Many companies are started to ‘attack’ a sector than is ‘held’ by another company. This sector is usually very valuable, which is the reason why start-ups try to capture these sectors.
The problem is, you don’t capture sectors, you capture markets. And when you have no customer focus, you probably won’t capture customers and as a consequence, you won’t capture the sector.
My thinking here goes as follows. Very successful companies come to dominate or create a sector because they were able to provide a unique (at least when they started) service that was (and probably is) of great value to customers. Subsequent generations of start-ups then try to ‘take that business away’ from the incumbents. This can work. However, it can only work when you manage to win over the customers. You can only win over customers, when you have a value proposition that is significantly better than that of the incumbents and that is actually valuable to the customers. If you don’t, then you can’t win the market. And if you can’t win the market, you won’t be able to win the sector.
The company that people seem to target a lot these days is Google. The reason is obvious, Google makes a lot of money and people want that money.
The latest start-up that seems to try overturning Google is called Cuil. I have probably read some 10 articles about them yesterday. Great press coverage. Indeed, it was so good, people commented on it. However, all that the press coverage seems to focus on is that Cuil wants to ‘kill’ Google. Hardly anybody seems to be raving about the features of the site. I haven’t read once an expression along the lines of: “Gosh, now this is how search should be!” Not once. Read what TechCrunch, GigaOm, and ReadWriteWeb wrote.
Cuil actually has some very interesting technology that allows it to operate its search engine at a faction of the cost that it takes Google to run its operations. This is very interesting and it is actually useful. However, it is in no way useful to the users or the customers of a search engine. Unless Cuil can find a way to translate that advantage into something that actually means users have a significantly better search experience, why should they care?
Cuil’s natural target market is the people who have a pain that they can make go away: search engines. If Cuil can significantly lower operational costs of search engines (and maybe even other companies, who knows), then these search engines would probably be very interested in talking to Cuil.
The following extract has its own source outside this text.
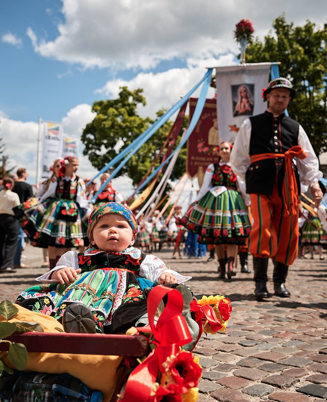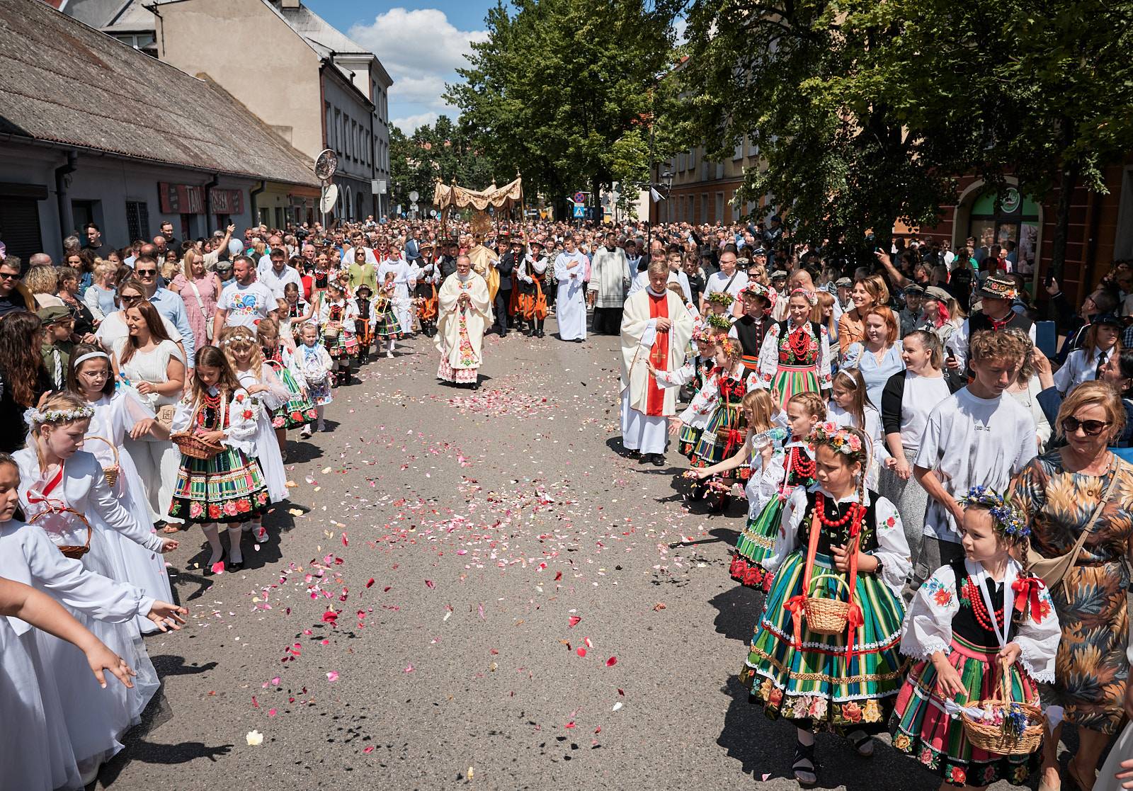 Łowicka procesja Bożego Ciała to nie tylko manifestacja wiary, ale też żywe świadectwo bogatej kultury ludowej i tradycji, które przez wieki były pielęgnowane przez lokalną społeczność. Wierni, ubrani w charakterystyczne dla regionu stroje z pasiakami – ręcznie tkane i haftowane, podkreślające regionalną tożsamość – wraz z kapłanami podążali ulicami miasta, tworząc niezwykle barwny i podniosły korowód.

Cuil has decided to, at least according to the press, ‘kill’ Google. What a shame. There is no unique service there that I can see right now that is of great value to the customer. They could have helped Google and all other search engines to become even more successful by lowering their costs. There is some real pain there and some real customers.
Don’t kill. Make pain go away. Make happy.
UPDATE: Funnily enough, I am not the only person going through this thought process. Just saw a post by Jason Calacanis here and by Fred Wilson here.